Movie Review – The Happening (2008)
2008’s The Happening, M. Night Shyamalan’s fifth film after his critically acclaimed The Sixth Sense (1999), opens with scenes of beautiful brutality. A woman on a park bench near Central Park looks off camera and says that she sees people clawing at themselves. Her friend then takes a silvery hair-pin and jabs into her own neck. Meanwhile at a construction site the camera pans to see workers falling violently and voluntarily to their death, smacking and crunching on the pavement. Considering what is later found to be the film’s subtext, these suicides could be seen as a metaphor for mankind’s actions toward the environment, effectively sealing its own doom. However, it may more accurately describe M. Night Shyamalan’s career.
What follows these memorable first scenes is a steady decline in quality, logic, and continuity. The film’s first and most evident weakness is that it is badly miscast, made obvious by Mark Wahlberg’s first scenes as a high school science teacher named Elliot. Shyamalan apparently wrote the lead role with the actor in mind, but Wahlberg, while a capable actor in certain scenarios, was not made for this. His delivery is almost comical, and at many times in the film you question whether or not it is all supposed to be intentionally campy. He speaks with a high, light voice, almost a loud whisper, and never diverges from this tone no matter the situation. One scene in particular, towards the end of the movie, involves an old, disturbed woman accusing his character of plotting to kill her (played by a genuinely creepy Betty Buckley in one of the film’s few good performances). I cannot adequately portray the hilarity of how Wahlberg’s answer, “What?! … No!” is delivered, but I will say that if he had then added, “Gee whiz, ma’am, that would be bonkers!” it would have been fitting.
Mark Wahlberg adds physical presence to a role that does not call for it. He is not the only actor miscast, as Zooey Deschanel, who plays Elliot’s wife, Alma, wanders throughout the film doe-eyed and dazed. She seems as confused about her character as we are about the director’s decisions. Shyamalan can without a doubt frame a beautiful shot, but his constant use of close-ups demands actors who can convey subtle emotions. John Leguizamo, as Elliot’s friend, whose performances are often criticized by viewers, is the only other convincing player and is sadly underused.
The Happening also suffers from continuity issues. Remember that description of people clawing at themselves? We never see it. Instead, those affected by the phenomena become confused and then calmly commit suicide.
At one point the characters are riding a train that stops in the middle of nowhere. When Elliot asks what’s happened, the conductor tells him they have lost contact, and when he asks with whom, the conductor answers, “Everyone.” Color me confused, then, when a few moments later the characters are in a diner where people are using cell phones and watching news broadcasts – is Amtrak communication technology really that inept? This diner scene also demonstrates just how incoherent and badly constructed this film is when a woman announces she has received a video from her daughter on her phone. The video shows a man in a zoo being mauled by tigers in the most unrealistic and unnatural manner reminiscent of a Monty Python sketch, and again I wonder if I have been tricked into watching a comedy. Other frustrations abound: twice the movie shows us people who are unaffected by the “happening” with no explanation or acknowledgment. Also, the ending, which I will not give away, is so cheery and unbelievable that it is almost nauseating – just pay attention to the passage of time to realize why and be prepared to feel like your intelligence has been viciously assaulted.

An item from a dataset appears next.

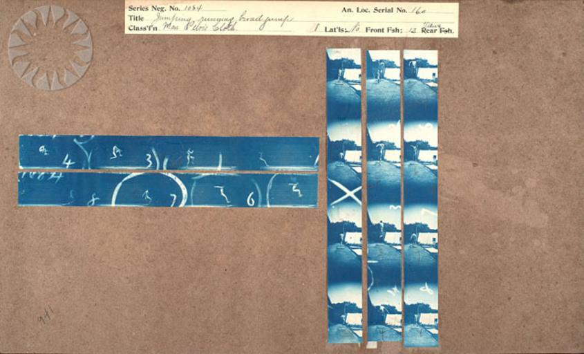 | Keywords: photography physics inventors muybridge smithsonian probably public domain probablypublicdomain SI Neg. 2004-44757. Date: na....Title: "Jumping, running, broad jump.".Series Neg. No. 1084.An. Loc. Serial No. 160.Classification: "Man Pelvis Cloth.".Muybridge's cyanotypes are working proofs, the contact prints he made from more than 20,000 negatives he took at the University of Pennsylvania between 1884 and 1886 while photographing human and animal subjects in motion from lateral (parallel), front and rear positions. Since the original negatives no longer exist, the cyanotypes provide us with the opportunity to see the pictures Muybridge achieved before he edited and cropped them for publication..From the Photographic History Collection, National Museum of American History...Credit: Eadweard Muybridge (Smithsonian Institution) SI Neg. 2004-44757. Date: na....Title: "Jumping, running, broad jump.".Series Neg. No. 1084.An. Loc. Serial No. 160.Classification: "Man Pelvis Cloth.".Muybridge's cyanotypes are working proofs, the contact prints he made from more than 20,000 negatives he took at the University of Pennsylvania between 1884 and 1886 while photographing human and animal subjects in motion from lateral (parallel), front and rear positions. Since the original negatives no longer exist, the cyanotypes provide us with the opportunity to see the pictures Muybridge achieved before he edited and cropped them for publication..From the Photographic History Collection, National Museum of American History...Credit: Eadweard Muybridge (Smithsonian Institution) |
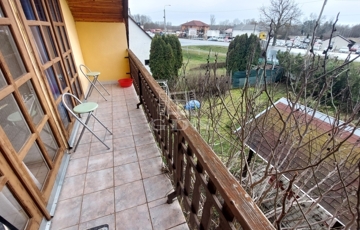 Az emelet további három szobát kínál, valamint előtér/közlekedőt, konyhát, kamrát, fürdőszobát, külön WC-t és egy 7 m²-es erkélyt. A fűtés gázkonvektorokkal megoldott.

The film, no matter how well-acted it could have been, could still not be saved due to its atrocious script. The dialogue is unnatural and the film’s pacing is awkward. The very premise, too, becomes more ridiculous the more one thinks about it. In a terribly convenient scene where a greenhouse owner solves the mystery halfway through the film, we find that the plants are releasing a neurotoxin which changes people’s self-defense instinct into a self-destruct one, and each time the wind blows it gets carried. So Shyamalan seeks throughout the film to make us afraid of wind. It should come as no shock that he does not succeed. For better eco-horror with nature fighting back, stick with Alfred Hitchcock’s brilliant The Birds (1963) or the slew of “big creatures attack” films from the 1950s, which even with their camp factor are more entertaining.
The Happening calls back to the paranoia films of earlier decades and makes one wish they rewatched them instead, or at least had an MST3K soundtrack to turn to. Shyamalan has made some great films in the past, but as for this movie… well, to take inspiration from This Is Spinal Tap (1984), shit happens.